Just got to keep looking they are around or try Werner at Falcon watch.

The size at 36/38mm for me is to small and 46mm starts getting oversize.The new SST at 44mm is neat though.

Martin


----------



## whifferdill

Just an update

Been wearing my Glycine 18 quite a bit the last week or so and have really grown to like it, so glad I didn't sell! I'm totally used to the 24hr set up now and find it really makes sense. Good news is that Glycine are due to release a 42mm Ltd Ed 24 hour Airman at the end of January, so I'm really looking forward to seeing that. Wish I had known before I bought my 18! 

All the best for Christmas and the New Year


----------



## whifferdill

whifferdill said:


> Hi folks
> 
> Thought I'd just post a pic of my Airman - came in September and after initially loving it, subsequently have been struggling to feel at home with it.
> 
> Though smaller than my other watches, the size is fine - a very comfortable and practical 38mm.
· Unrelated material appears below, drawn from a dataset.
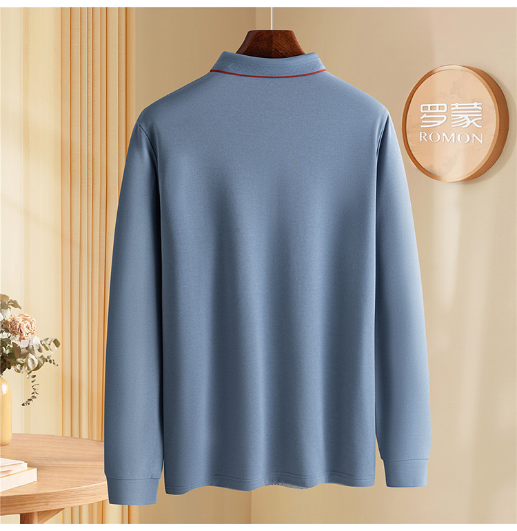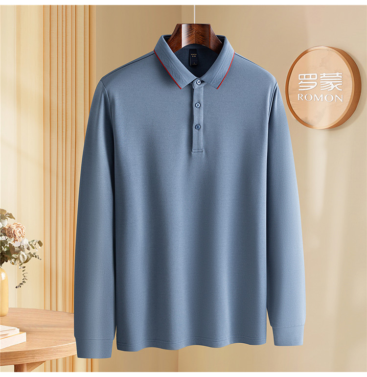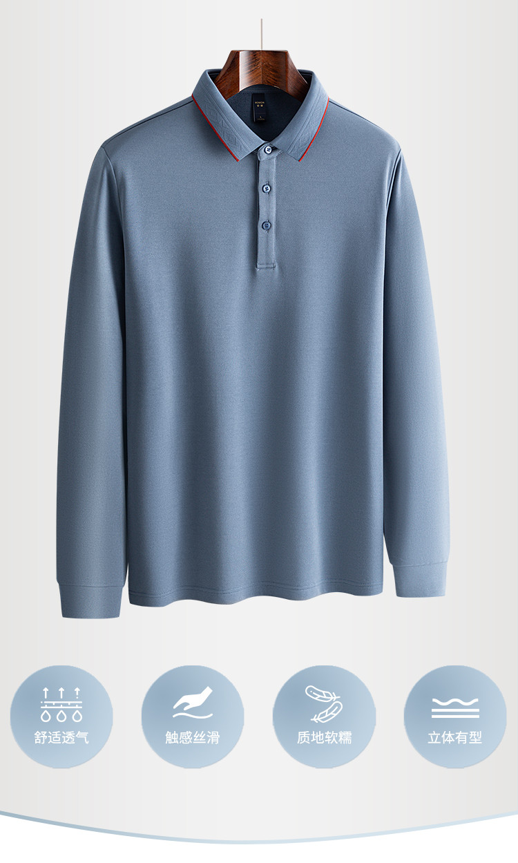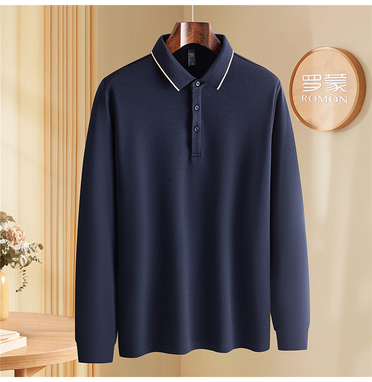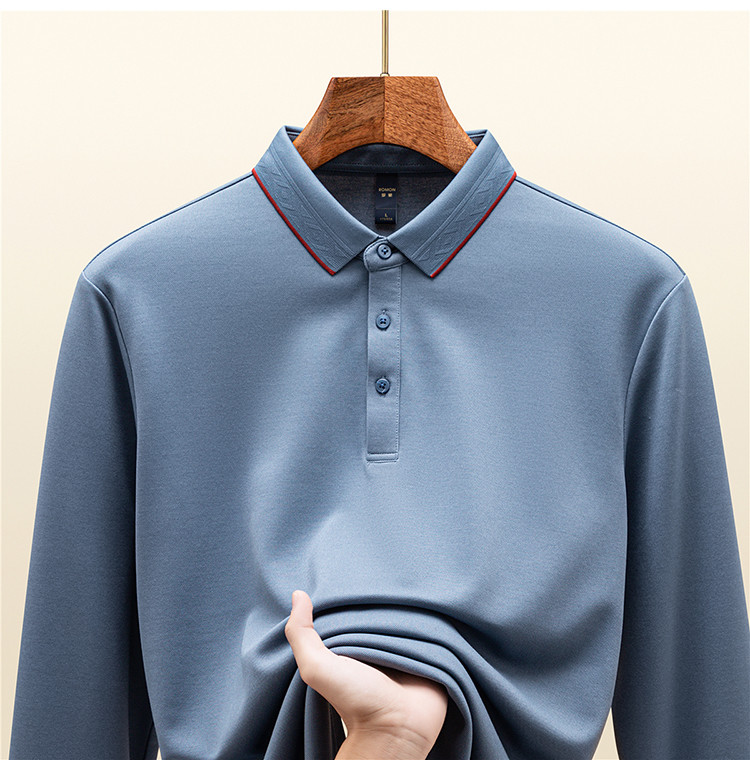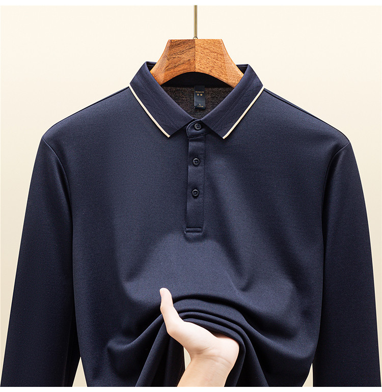 罗蒙男士秋冬保暖Polo衫含羊毛蚕丝双面磨毛撞色领商务长袖polo衫男t恤

The finish is very high quality - it's a beautiful watch - I particularly like the second hand and the smooth operation of the ETA 2893. It came on a nice calf leather strap with spare rubber dive strap in a lovely wooden presentation box complete with strap changing tool. Presentation and packaging in the league of what you might expect from a more well known and less well priced brand. All in all, very impressive.
> 
> I was however, on the brink of selling it! What? I hear you say. Well, reading the time 24 hour didn't come naturally to me and to be honest, I felt the watch too nice for use at work ( what I had intended it for ) - after I offered to sell it to our moderator ;-) he gave me pause for thought and helped me see sense, so it's staying! It is, after all, a classic design - up there with the speedy really, and I'm sure I will grow to enjoy it as much on the wrist as off!
> 
> All the best for Christmas:-!


Hi folks

thought I'd just bring this up - to date.
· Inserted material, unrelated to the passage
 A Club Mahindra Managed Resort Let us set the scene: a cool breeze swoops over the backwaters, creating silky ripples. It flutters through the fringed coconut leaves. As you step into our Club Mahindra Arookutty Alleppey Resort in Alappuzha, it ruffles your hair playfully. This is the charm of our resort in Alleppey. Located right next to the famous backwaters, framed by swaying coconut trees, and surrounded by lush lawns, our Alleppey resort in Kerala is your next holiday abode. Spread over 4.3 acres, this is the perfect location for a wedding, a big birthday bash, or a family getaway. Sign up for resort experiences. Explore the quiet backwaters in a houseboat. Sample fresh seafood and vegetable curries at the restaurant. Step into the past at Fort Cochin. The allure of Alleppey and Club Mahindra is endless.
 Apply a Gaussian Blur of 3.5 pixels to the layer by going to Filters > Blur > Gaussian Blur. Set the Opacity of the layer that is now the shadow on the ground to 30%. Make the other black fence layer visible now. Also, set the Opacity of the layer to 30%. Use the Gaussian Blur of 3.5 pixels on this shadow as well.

I've had the 18 since September 07 and have come to really love it - my problems I think stemmed from my assessment of it as a watch for me to use at work - the small diameter gave me problems in low light conditions - especially the small date window and this was compounded by my initial difficulty in adapting to 24 hr dials.

My problems reading 24 hour soon went and I came to love the 18 with its dual 24 hour set up, though it was still just that little bit too small for work and that date window really needed a cyclops. Those issues were finally resolved when I got my hands on the fantastic Airman Special II which is now ( and shall remain ) my work watch - perfect.

I loved the 18 so much though, that I have kept it and no longer assessing it as a watch for work, I see it in a whole new light - it's the perfect travel and outdoor sports watch for me and very versatile on different straps:- city break in Europe ( nice leather aviator strap ) - skiing holiday ( secure sports velcro ) - water sports ( rubber strap ). It's also not too flashy or large to be a problem traveling in less secure areas of the world and dresses down nicely in a plain velcro from GasGasBones ( see below ).

It can be dressy or sporty and is a size that will outbuck any trend. So if anyone is considering an 18 - I give it a firm recommendation - whether in 24 or 12/GMT format.|>


----------



## Dennis Smith

Yeah, it is a pretty one. It has a certain charm all its own...being a size more proportional to the original, and with the second crown.


----------



## Rodriguez

I agree with you; I got an Airman 18 from Werner after considering other choices and could not be happier with it. This is my first Airman and decided to go with the purist form. 
I had a couple of pleasant surprises when I opened up the box: 
The shape of the case, the rounded sides, gives the watch a distinct profile and together with the length of the horns, make this watch not wear small at all, at least for me. I had considered an Oris TT Worldtimer in part because of the case shape; although not as pronounced, this was like having my cake and eating it too for now.
Are all the other current Airman models shaped like this? I really like it.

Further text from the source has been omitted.